Itu menunjukkan bahwa kunci utama meraih kebahagiaan adalah beriman kepada Allah Subhânahu wa Ta’âlâ. Tanpa iman, kebahagiaan yang dirasa tidak sempurna. Tanpa iman, kebahagiaan yang diterima tidak menenangkan jiwa.

Saya bersyukur bisa menikmati 8 Nasihat Berharga Meraih Hidup Bahagia karya Syaikh Abdur-Rahman bin Nâshir as-Sa’dî. Itulah buku saku yang sarat mutiara. Tim Darul Haq telah menyajikannya dalam bahasa Indonesia dari Al-Wasâ’il Al-Mufîdah Lil-Hayâti As-Sa’îdah terbitan Darul Wathan. Silakan membacanya. Semoga bahagia.

Boyolali, 23 Maret 2020

 

Artikel ini telah dipublikasikan dalam majalah Ar-Royyan Edisi 58 (Ar-Risalah Peduli, April 2020) pada rubrik Bicara Buku.

Selasa, 08 September 2020

Pedoman Praktis Menuntut Ilmu

Thalabul-‘ilmi farîdhatun ‘alâ kulli muslimin. Itu adalah hadis yang saya kenal sejak masih duduk pada bangku sekolah dasar. Artinya, menuntut ilmu itu wajib atas setiap Muslim. Muslim yang dimaksud adalah muslim laki-laki maupun muslim perempuan.
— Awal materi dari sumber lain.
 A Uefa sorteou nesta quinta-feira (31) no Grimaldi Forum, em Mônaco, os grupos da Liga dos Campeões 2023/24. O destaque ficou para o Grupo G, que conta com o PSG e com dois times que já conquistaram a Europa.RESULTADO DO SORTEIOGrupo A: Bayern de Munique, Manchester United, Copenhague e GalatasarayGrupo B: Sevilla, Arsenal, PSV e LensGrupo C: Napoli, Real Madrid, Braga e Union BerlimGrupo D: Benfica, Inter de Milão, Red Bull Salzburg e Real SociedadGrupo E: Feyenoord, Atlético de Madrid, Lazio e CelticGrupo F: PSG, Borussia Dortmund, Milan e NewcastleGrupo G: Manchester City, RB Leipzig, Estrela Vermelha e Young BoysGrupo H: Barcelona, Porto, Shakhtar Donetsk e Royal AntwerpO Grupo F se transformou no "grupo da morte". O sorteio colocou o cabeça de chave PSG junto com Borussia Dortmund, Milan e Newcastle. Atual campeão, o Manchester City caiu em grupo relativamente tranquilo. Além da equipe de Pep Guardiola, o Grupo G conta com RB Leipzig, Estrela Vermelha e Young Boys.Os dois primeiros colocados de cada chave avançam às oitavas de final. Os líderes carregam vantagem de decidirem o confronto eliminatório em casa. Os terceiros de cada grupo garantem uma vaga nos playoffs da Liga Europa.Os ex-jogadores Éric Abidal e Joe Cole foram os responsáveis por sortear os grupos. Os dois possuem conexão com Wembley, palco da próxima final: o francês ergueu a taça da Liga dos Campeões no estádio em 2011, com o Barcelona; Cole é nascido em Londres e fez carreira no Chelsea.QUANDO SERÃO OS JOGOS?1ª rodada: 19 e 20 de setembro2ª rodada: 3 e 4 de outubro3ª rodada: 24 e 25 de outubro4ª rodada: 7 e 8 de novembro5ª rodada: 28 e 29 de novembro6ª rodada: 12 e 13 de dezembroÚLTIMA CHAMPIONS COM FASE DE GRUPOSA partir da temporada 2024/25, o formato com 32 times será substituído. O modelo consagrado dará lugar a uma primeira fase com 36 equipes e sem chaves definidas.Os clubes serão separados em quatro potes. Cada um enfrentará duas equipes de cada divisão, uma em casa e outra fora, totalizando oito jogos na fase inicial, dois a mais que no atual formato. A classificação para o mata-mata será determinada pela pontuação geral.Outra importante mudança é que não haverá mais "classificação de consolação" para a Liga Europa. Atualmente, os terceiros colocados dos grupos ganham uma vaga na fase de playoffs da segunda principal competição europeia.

Dr. ‘Aidh ibn Abdullah al-Qarni dalam penutup Menjadi Pelajar Berprestasi: Pengalaman Para Ulama Besar (2015) menaruh salam hormat kepada para penuntut ilmu. Beliau mendoakan mereka agar selalu mendapat taufik dari Allah Subhânahu wa Ta’âlâ. Âmîn.
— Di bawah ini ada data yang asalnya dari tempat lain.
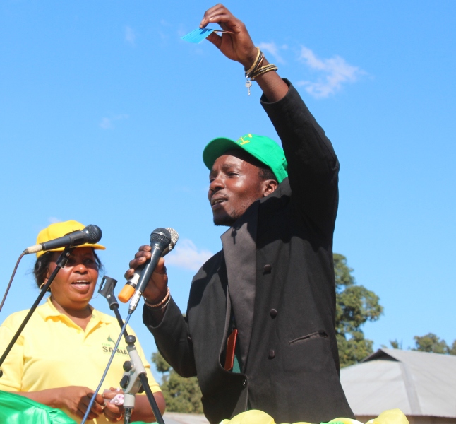Bi. Mwanahawa Said (kushoto) akikabidhi kadi yake ya CUF pamoja na za wenzake jumla 52 katika mkutano wa kampeni. |

Menjadi Pelajar Berprestasi: Pengalaman Para Ulama Besar merupakan hasil terjemahan Yodi Indrayadi dari Kaifa Tathlubu al-‘Ilma yang diterbitkan Maktabah al-Obeikan (Riyadh). Buku yang diterjemahkan Yodi Indrayadi tersebut diterbitkan oleh Qisthi Press pada tahun 2006. Namun, buku yang ada di tangan saya merupakan cetakan ketujuh belas (Juni 2015). Mâsyâ Allâh. Agaknya buku tersebut terbit setelah Jangan Bersedih: Jadilah Wanita yang Paling Bahagia karya ‘Aidh al-Qarni yang saya baca tuntas saat masih menempuh studi S-1.
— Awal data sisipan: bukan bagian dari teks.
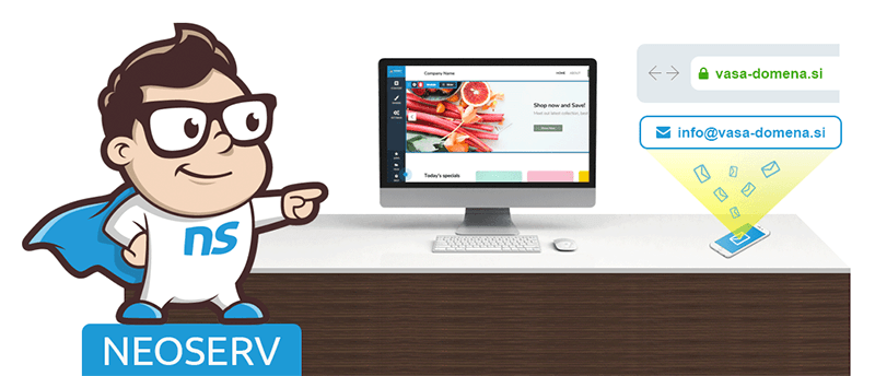 Enostavna postavitev spletne strani z NEOSERV STUDIO na lastni domeni in e-poštnim naslovom.

Menjadi Pelajar Berprestasi: Pengalaman Para Ulama Besar merupakan pedoman praktis untuk para penuntut ilmu. Di dalamnya ada lima puluh halaman yang memuat 82 hal yang bisa dikerjakan para penuntut ilmu sehingga keselamatan dan keberkahan mewarnai kehidupannya. Hal itu dimulai dengan daftar kitab yang harus dihafal selain Al-Qur’an, yaitu Bulûghu al-Marâm, Riyâdhu ash-Shâlihin, dan empat kitab lainnya. Beliau melengkapi bahwa hafalan akan sangat terbantu dengan ketakwaan kepada Allah Subhânahu wa Ta’âlâ (hal ke-46).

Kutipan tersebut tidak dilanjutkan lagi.